Participants in both interventions improved on several scales. For example, the mean preintervention POMS TMD (T score) for gardeners was 53.1, which was reduced to a mean of 46.9 post intervention (P = .018).In the art group, the means score was 53.5 before the intervention and 47.0 after the intervention (P = .009).
For the PSS, mean scores went from 14.9 to 9.4 (P = .002) for gardening and from 15.8 to 10.0)P = .001) for artmaking.
For the BDI-II, mean scores dropped from 8.2 to 2.8 (P = .001 (for gardening and from 9.0 to 5.1)P = .009) for art.
However, gardening was associated with less trait anxiety than artmaking. “We concluded that both interventions were roughly equally therapeutic, with one glaring exception, and that was with trait anxiety, where the gardening resulted in statistical separation from the art group,” said Guy.
There appeared to be dose responses for total mood disturbance, perceived stress, and depression symptomatology for both gardening and artmaking.
Neither intervention affected heart rate or blood pressure.
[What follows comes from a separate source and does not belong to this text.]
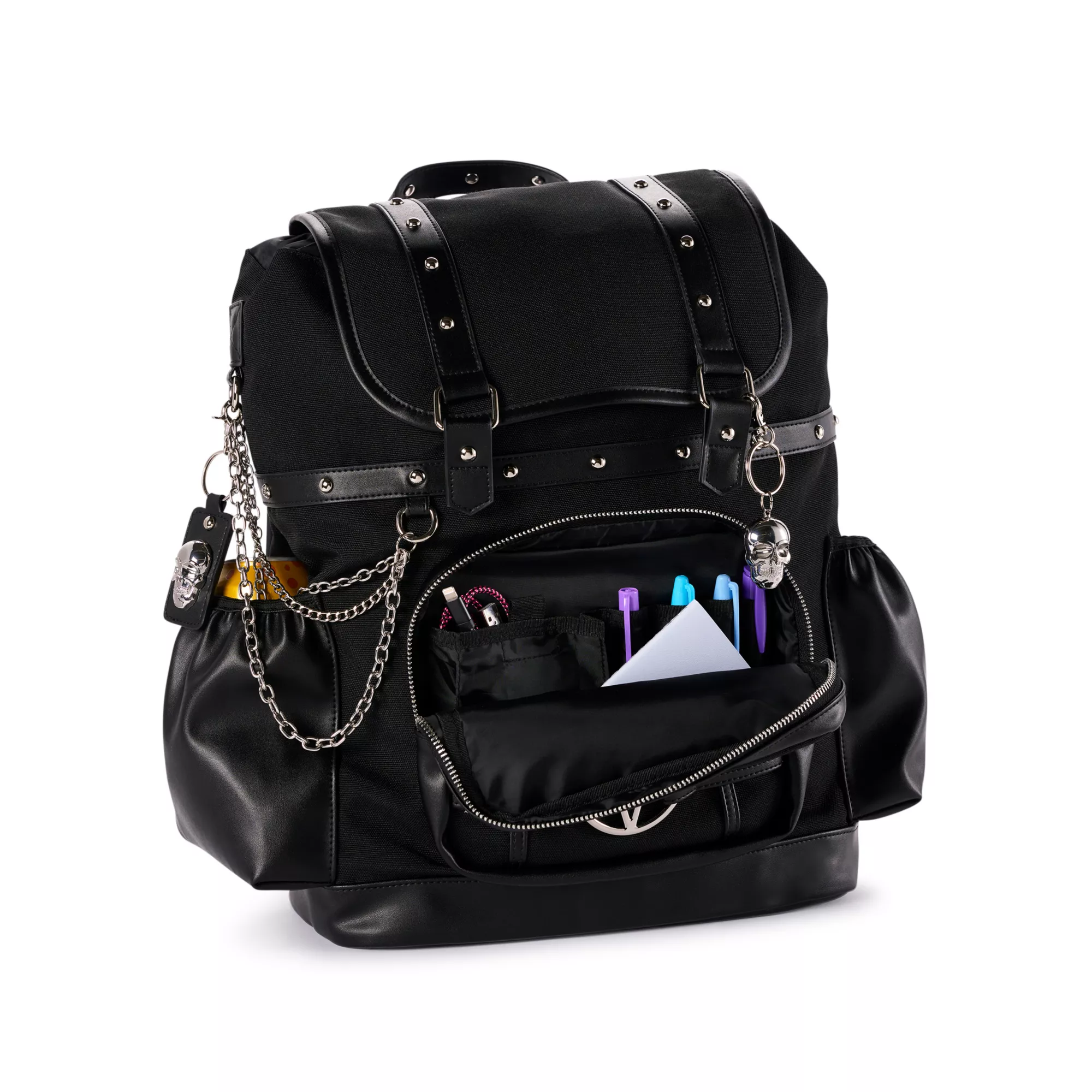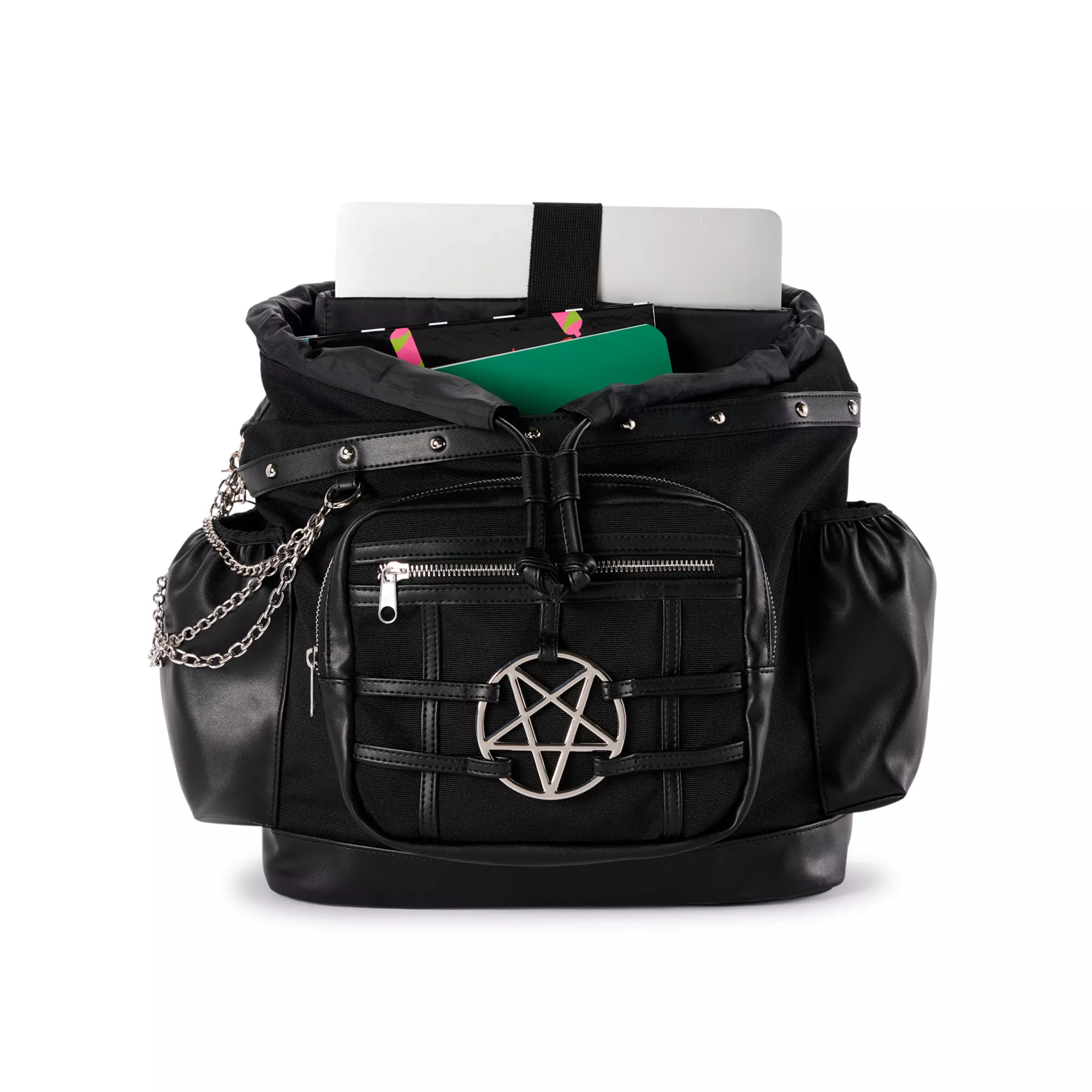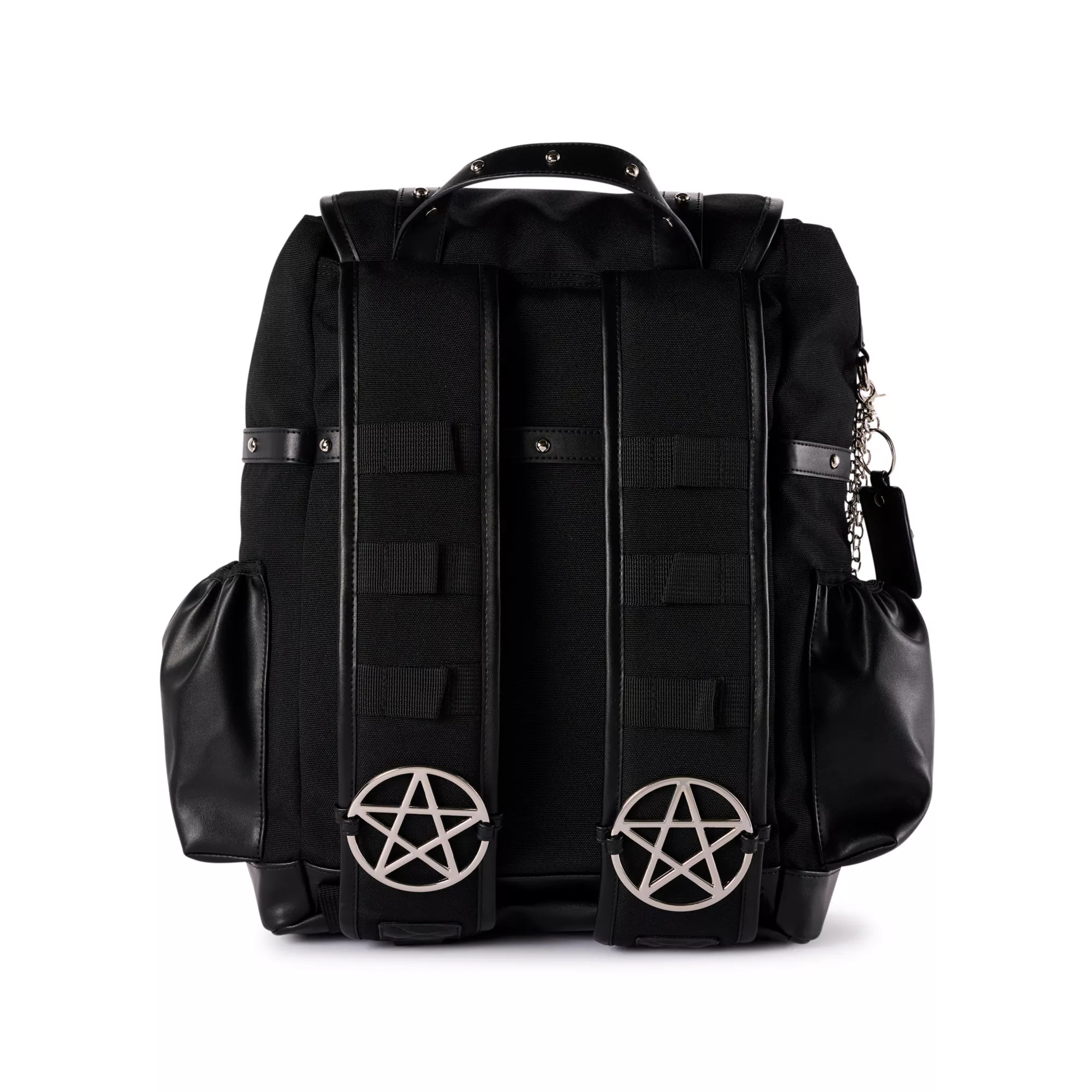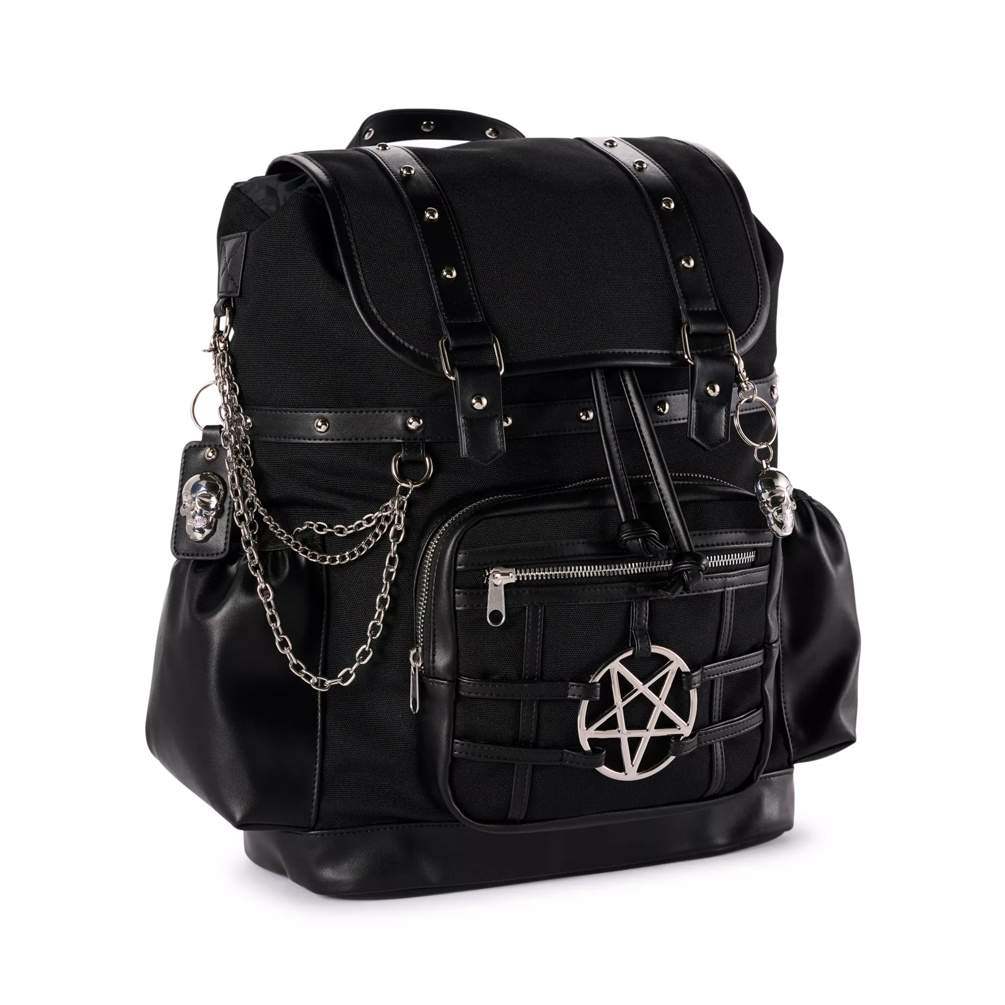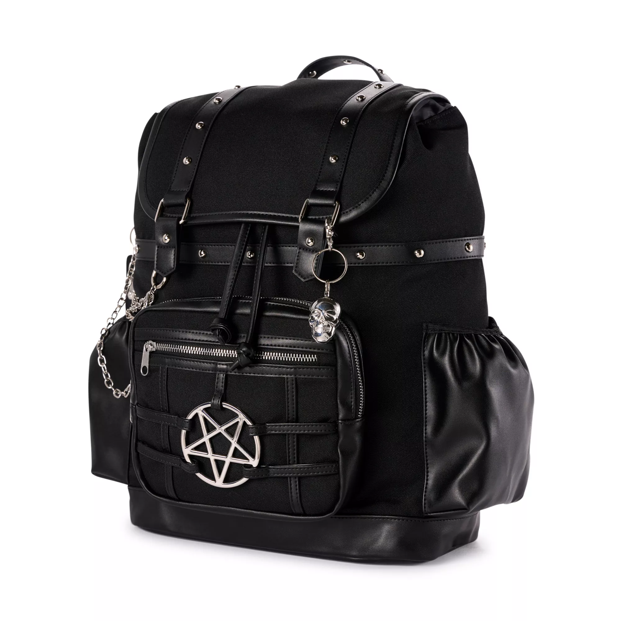 This black pentagram rucksack backpack has it all! Chains, pentagrams, and even an attached skull keychain set this backpack apart from the rest. Its padded, adjustable straps are accented with two silvertone pentagrams, and matching silvertone studs adorn the front.

A larger sample might be needed to detect treatment differences in healthy women, the investigators note.
The therapeutic benefit of gardening may lie in the role of plants in human evolution, during which “we relied on plants for shelter; we relied on them for protection; we relied on them obviously for nutrition,” said Guy.
The study results support carrying out large, well-designed, rigorously designed trials “that will definitively and conclusively demonstrate treatment effects with quantitative descriptions of those treatment effects with respect to dosage,” he said.
Good for the Mind
Commenting for Medscape Medical NewsSir Richard Thompson, MD, past president, Royal College of Physicians, London, UK, who has written about the health benefits of gardening, said this new study provides “more evidence that both gardening and art therapy are good for the mind” with mostly equal benefits for the two interventions.
“A much larger study would be needed to strengthen their case, but it fits in with much of the literature,” said Thompson.
However, he acknowledged the difficulty of carrying out scientifically robust studies in the field of alternative medicine, which “tends to be frowned upon” by some scientists.
Thompson identified some drawbacks of the study. In trying to measure so many parameters, the authors “may have had to resort to complex statistical analyses,” which may have led to some outcome changes being statistically positive by chance.
He noted that the study was small and that the gardening arm was “artificial” in that it was carried out in a greenhouse. “Maybe being outside would have been more beneficial; it would be interesting to test that hypothesis.”
As well, he pointed out initial differences between the two groups, including income and initial blood pressure, but he said he doubts these were significant.
He agreed that changes in cardiovascular parameters wouldn’t be expected in healthy young women, “as there’s little room for improvement.
“I wonder whether more improvement might have been seen in participants who were already suffering from anxiety, depression, etc.”
The study was supported by the Horticulture Research Institute, the Gene and Barbara Batson Endowed Nursery Fund, Florida Nursery Growers and Landscape Association, the Institute of Food and Agricultural Sciences, Wilmot Botanical Gardens, the Center for Arts in Medicine, Health Shands Arts in Medicine , and the Department of Environmental Horticulture at the University of Florida. The authors have disclosed no relevant financial relationships.